History is one thing, but views on this question depend a great deal on how the Bible is read. If the Bible is uniformly, or almost uniformly, pacifist, then we might plot a pacifist trajectory into the following centuries. I am convinced, however, that the Bible is not pacifist. We can start with the soldier stories of the New Testament. Of course, as Mark notes, the passages that show John and Jesus and Peter and Paul interacting with soldiers are about John and Jesus and the kingdom, but in fact there are Roman soldiers present, in some cases high-raking ones. In no instance are the soldiers told to abandon their positions in the Roman military. I have heard the argument in response that they did not need to be told; the Roman army would eventually have weeded them out. Perhaps, but we cannot know. What we do know is that, for instance, Cornelius was a centurion and a Gentile God-fearer before he met Peter, that he and his household received the Spirit, and that Peter said nothing whatever to indicate that his calling was illegitimate for a believer. If non-violence was as near the heart of Jesus’ message and kingdom as Yoder suggests, this is a remarkable oversight. [13]

Mark says that the burden of proof lies with me, as far as “biblical scholarship” is concerned, but the only biblical scholarship he cites is New Testament scholarship. That is only half the story. We have two trajectories to deal with, not just one – the trajectory from Old to New Testaments as well as from apostolic to post-apostolic. Through John Nugent’s work, I have become aware of Yoder’s work on what Nugent calls the “politics of Yahweh.” Yoder’s telling of the Old Testament has a certain power, but I am unconvinced. Though controversial, I believe Yoder’s notion of a “Jeremiah” politics in the exilic and post-exilic period is sound, but he simplifies by characterizing post-exilic Judaism as predominantly pacifist. Nehemiah had no army, but he stationed armed men at the wall of Jerusalem. With the permission of the Persian king, Mordecai organized the Jews militarily to resist and slaughter their enemies. Further, we gain insight into the apostolic view of war and violence from apostolic evaluations of Old Testament warriors. Stephen, the first martyr, describes Moses’ killing of the Egyptian as an act of defense and “vengeance for the oppressed” (Acts 7:24). Hebrews 11 is a neglected passage in this regard. The writer commends a faith that is the “assurance of things hoped for, the conviction of things not seen,” a faith manifest in Noah’s construction of the ark, Abram and Sarah’s patient waiting for a son, Moses’ identification with Israel instead of Pharaoh’s house. By the same faith, he says, “the walls of Jericho fell down” (v. 30); the same faith animated the warrior-judges Gideon, Barak, Samson, and Jephthah, and David (v. 32) who exercised faith in the conquest of kingdoms, by becoming mighty in war, by putting foreign armies to flight (vv. 33, 35). If chasing away foreign armies can be an act of faith, then it would seem to follow that those who chase foreign armies can be among the faithful.

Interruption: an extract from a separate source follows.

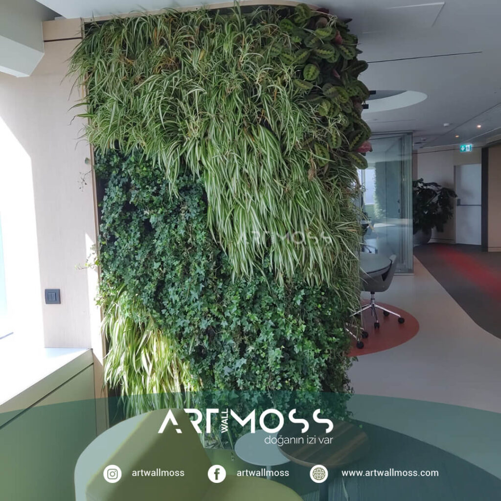 Dikey bahçelerde tercih edilen bitkiler, ışık, nem ve bakım ihtiyacına göre seçilir. Dayanıklı, kök sistemi güçlü ve dekoratif bitkiler tercih edilir. En sık kullanılan türler arasında Sarmaşık (Hedera helix), Kurdele çiçeği (Chlorophytum), Paşa kılıcı (Sansevieria), Dua çiçeği (Maranta), Telgraf çiçeği (Tradescantia) ve Aşk merdiveni (Nephrolepis) gibi bitkiler yer alır. İç mekanlarda düşük ışıkta gelişebilen türler öne çıkar. Art Wall Moss olarak, her proje için mekâna en uygun bitki türlerini özenle seçiyoruz.
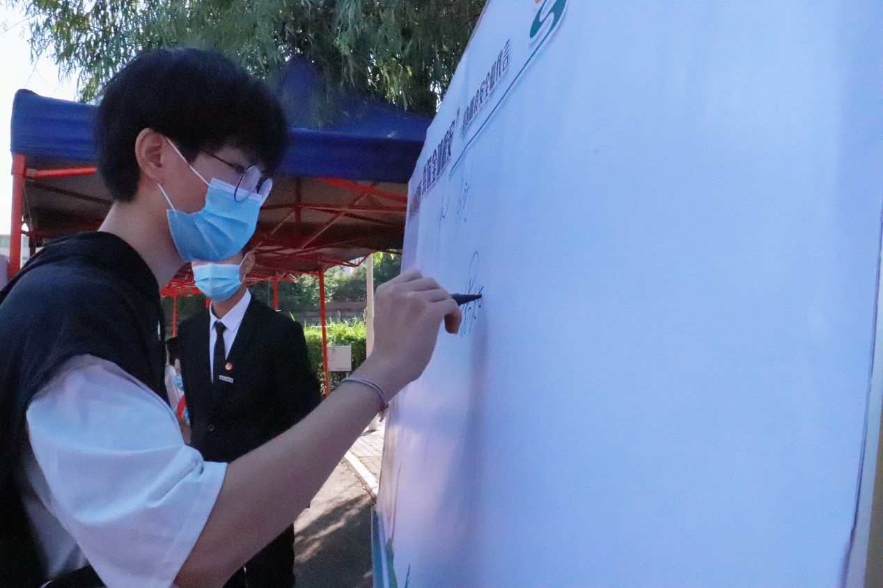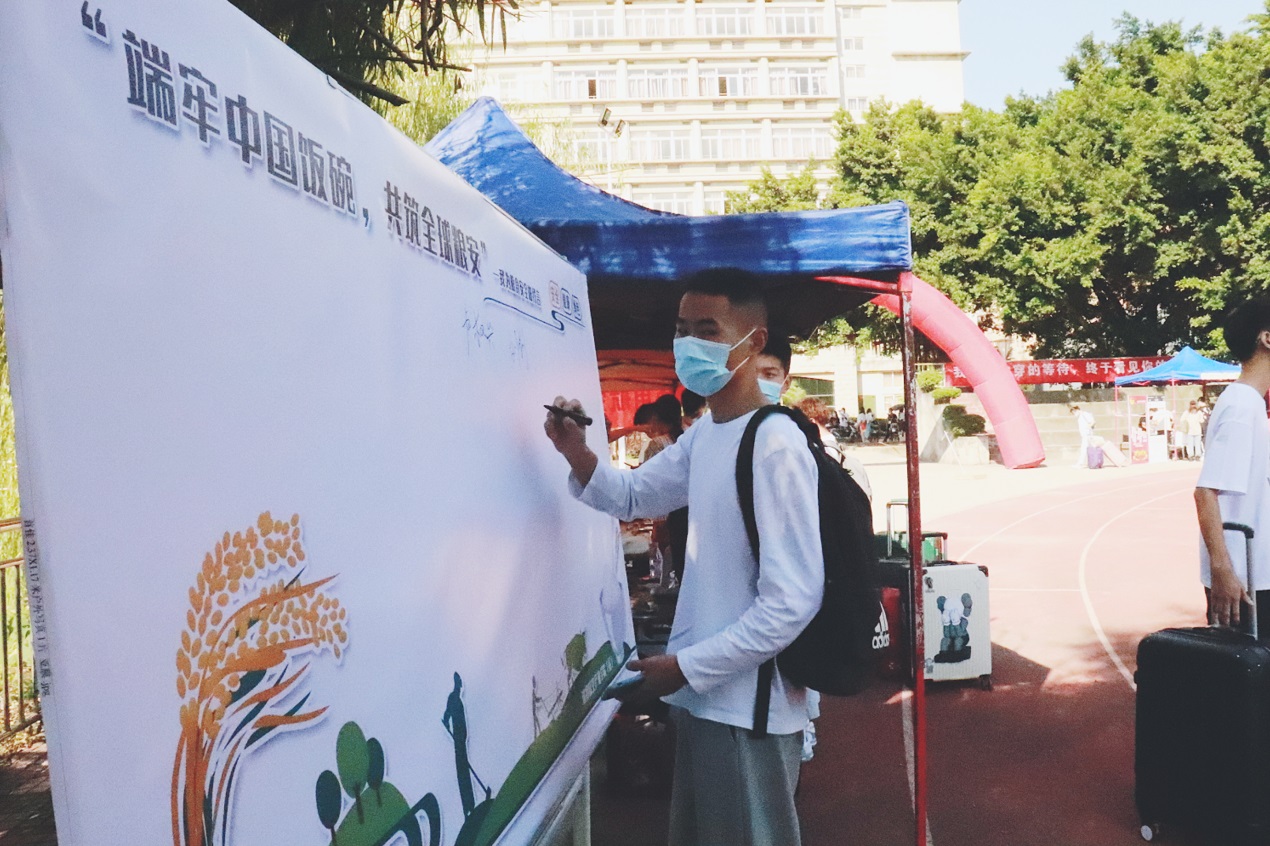 新生在“端牢中國飯碗,共筑全球糧安”簽名墻上簽名

Like Yoder, I am hostile to any reduction of the church to cheerleader or chaplain. Like Yoder, I believe that the church exists to bear witness to power, to declare that kings must kiss the King, even to the shedding of blood. The church is called to witness against the idols in every form and forum, no matter how well-settled those idols may be, no matter how powerful their patrons. I believe what I say I believe when I say I believe that the church is a city, regardless of who is on the throne or in the White House.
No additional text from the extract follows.